Richard Branson and Made by Dyslexia have made an important and game-changing announcement. In an Instagram post, the British entrepreneur shared that a new drop-down option is now available to add to your LinkedIn profile: dyslexic thinking. Not only that, “dyslexic thinking” will be added to as an official term.

The moves by these highly regarded people and organizations signal a huge change in the way dyslexia is viewed by the world. What was once considered a disability has now evolved into recognition that people with dyslexia think differently––a total redefinition of the term.

Made by Dyslexia’s 21st-century definition of dyslexia “is a genetic difference in an individual’s ability to learn and process information. As a result, dyslexic individuals have differing abilities, with strengths in creative, problem-solving and communication skills and challenges with spelling, reading and memorising facts.”

The Microsoft Education Center shares that “People with dyslexia can be highly creative, good problem-solvers, three-dimensional thinkers, innovators, and influencers—all valuable skills.
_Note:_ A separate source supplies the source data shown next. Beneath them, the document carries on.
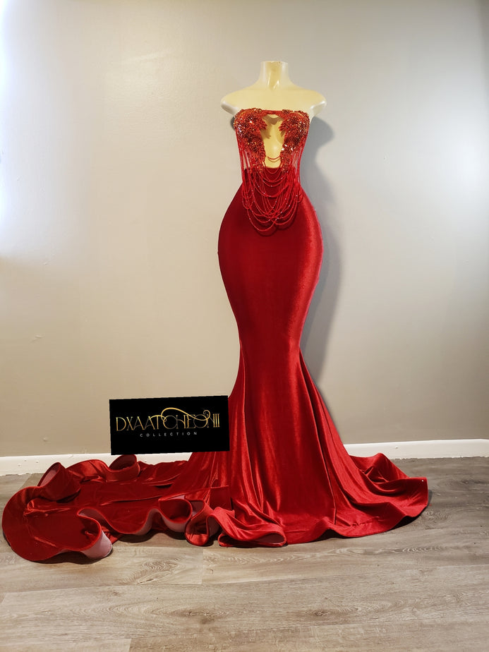 Luxury velvet gown with beaded bling and mermaid **Made to order.**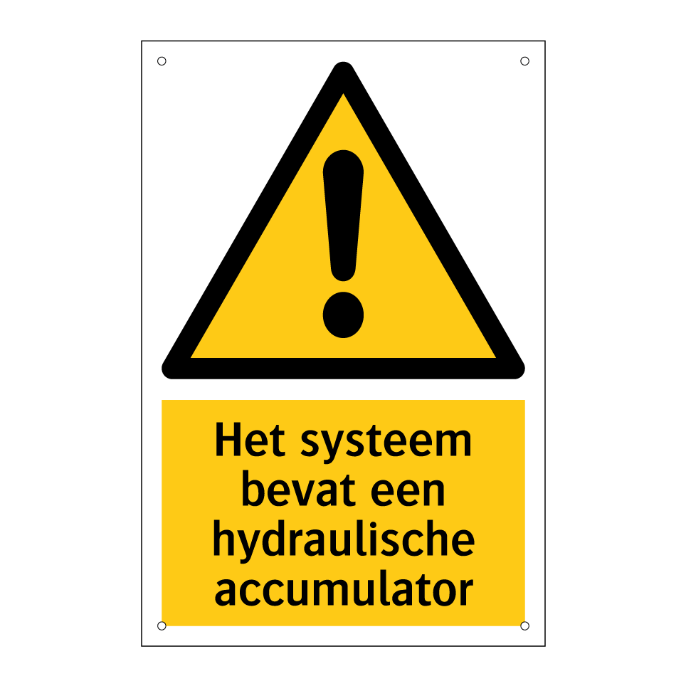 Waarschuwingsbord met de tekst Het systeem bevat een hydraulische accumulator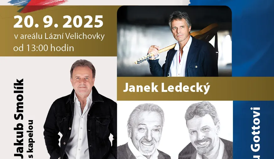 Přijďte si užít druhý ročník oblíbeného Festivalu Československých hudebních legend, který se uskuteční v nádherném parku Lázní Velichovky. Čeká Vás nezapomenutelné odpoledne plné ikonických melodií, legendárních interpretů a přátelské atmosféry.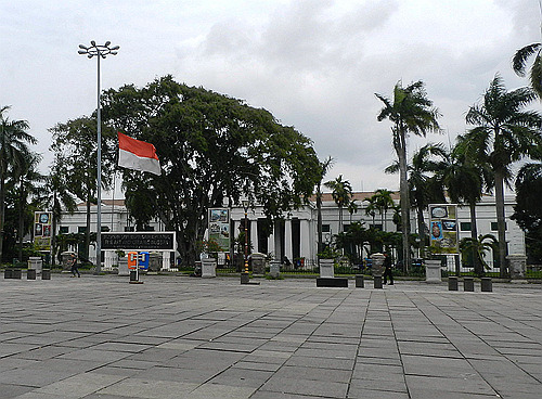 广场的东侧有一花园,门票5000印尼盾的雅加达美术馆便在其内。从外面看起来这栋当年的荷兰司法部洋房高端大气,但除了海捞瓷展厅外,这里的展品多少有点令人失望:印尼传统美术品极少,倒是挂满了现代派的无聊绘画,远不如建筑本身更有看头——比如那个华丽铁艺装饰的老楼梯。

While reading, writing, and spelling can prove to be difficult for people with dyslexia, they’re often fantastic storytellers and display strong verbal reasoning skills.”

In a video from Made By Dyslexia, educators from two of the world’s leading dyslexia schools share some huge insights into the joys of teaching young students.” One teacher reveals, “they ask ‘why’ constantly, which is fun in the classroom. They don’t just take information for what it is, they want to know why.”

“They tend to be innovators, entrepreneurs, the game changers in our world that disrupt industries,” shares Josh Clark, Head of the Schenck School in Atlanta. Dyslexic thinking is a skill, and a special one at that. It’s not a hindrance, but a leg up on critical thinking that people with dyslexia are gifted.

What was once thinly thought of as a disability where individuals see words backwards and be unable to read, has clearly involved into an understanding that dyslexics are some of the most innovative and creative thinkers on the planet. For kids just learning about their own journey with dyslexia, it doesn’t hurt to see faces like Sir Richard Branson, Orlando Bloom and Keira Knightly, some of the world’s most successful individuals who also are dyslexic thinkers, changing the world.